O caso
Após erro médico que resultou no óbito da paciente, a primeira instância condenou hospital e seguradora a R$ 60 mil para cada um dos filhos, totalizando R$ 300 mil. O Tribunal de Justiça, em recurso, reduziu o valor — provocando a apelação ao STJ.
A decisão da ministra Nancy Andrighi
A ministra Nancy Andrighi, conhecida por sua sensibilidade em casos envolvendo direitos da família e do consumidor, reconheceu que a redução havia tornado a indenização irrisória diante da gravidade do dano.
Em sua análise, considerou: (a) o impacto da perda da mãe sobre os filhos; (b) o caráter pedagógico que a indenização precisa ter em casos de erro médico; (c) o porte econômico das condenadas; (d) os critérios da razoabilidade e proporcionalidade.
Por que essa decisão importa
Este caso ilustra um ponto crucial sobre indenizações em saúde: tribunais inferiores frequentemente reduzem valores em recursos, e essa redução pode tornar a reparação simbólica em vez de efetiva.
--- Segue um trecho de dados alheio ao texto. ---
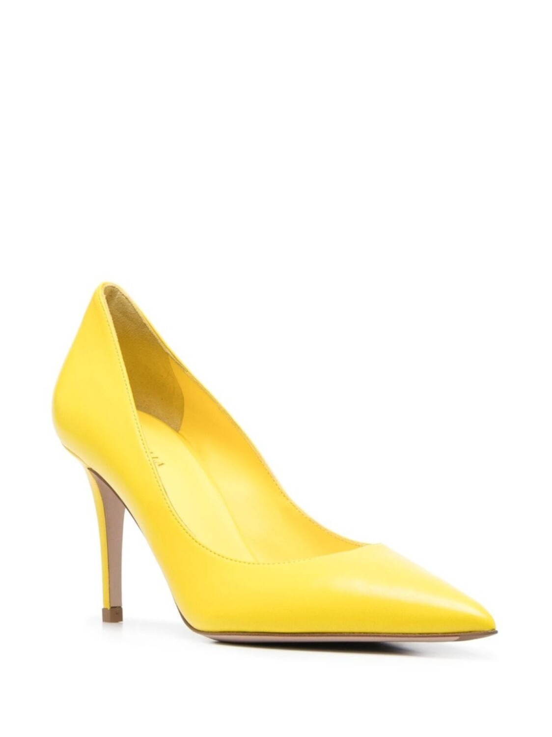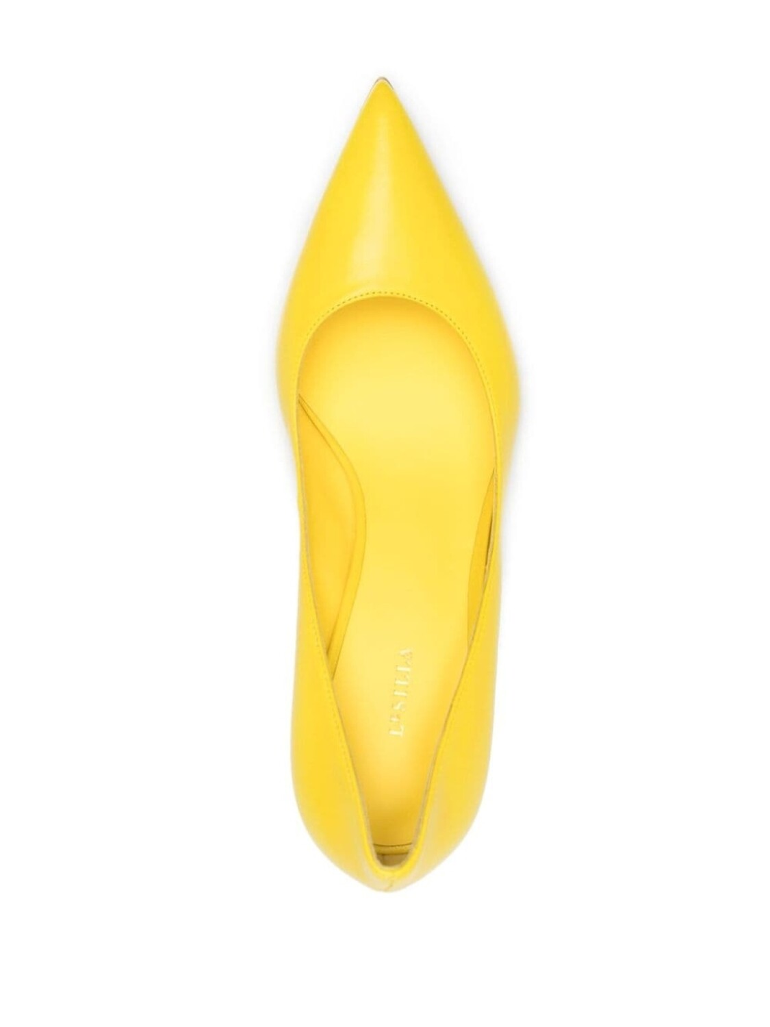 Желтый цитрон, телячья кожа, модель без застежки, заостренный носок и высокий каблук.
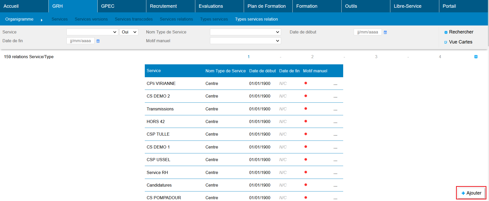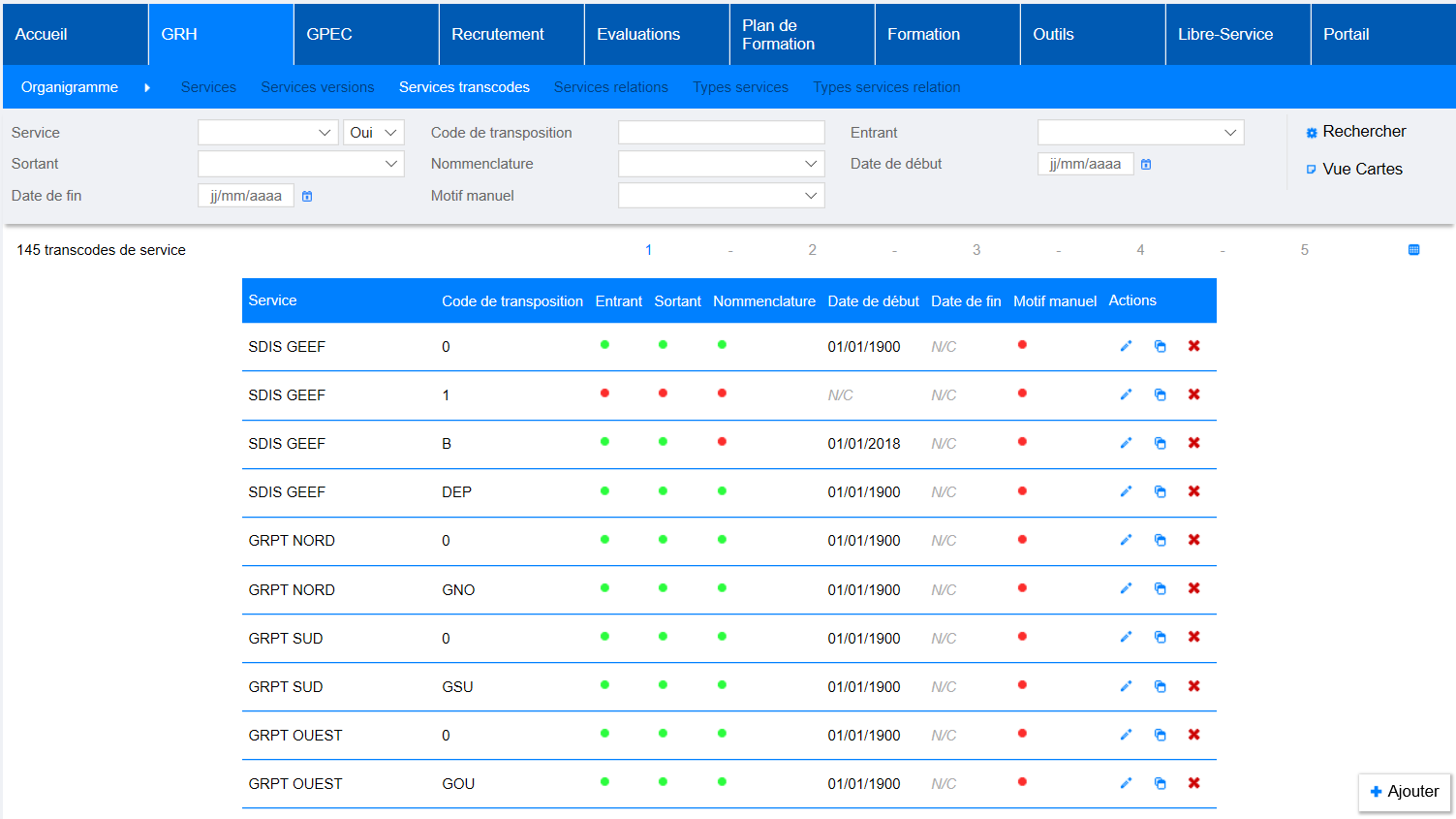A noter: ne pas oublier d’aller ajouter le transcode du nouveau service créé dans GRH/Administration > Organigramme > Service transcodes.
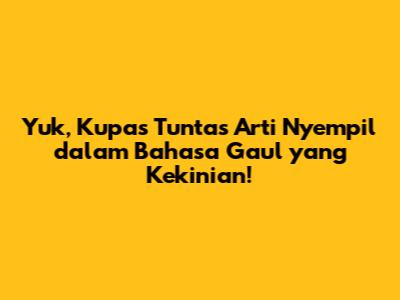 Nyempil artinya dalam bahasa gaul adalah sebuah istilah yang sedang naik daun banget, nih, guys! Kalian pasti sering denger kata ini berseliweran di media sosial, obrolan sehari-hari, atau bahkan di lagu-lagu kekinian. Tapi, sebenarnya apa sih arti nyempil itu? Nah, di artikel ini, kita bakal kupas tuntas segala hal tentang nyempil adalah sesuatu yang perlu kalian tahu. Mulai dari definisi, penggunaan dalam berbagai konteks, hingga contoh-contohnya yang bikin kalian makin paham.
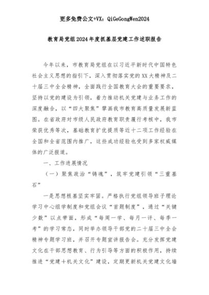 【七哥公文】2025年:教育局党组2024年度抓基层党建工作述职报告+更多免费公文+VX:QiGeGongWen2024+更多免费公文+VX:QiGeGongWen2024

Por isso é fundamental o trabalho de recursos especializados — porque, sem essa instância adicional, indenizações justas se transformam em valores irrisórios.
Outra lição: a seguradora foi condenada solidariamente com o hospital. Esse arranjo é importantíssimo em erros médicos — porque amplia significativamente a capacidade da família de receber a integralidade do valor.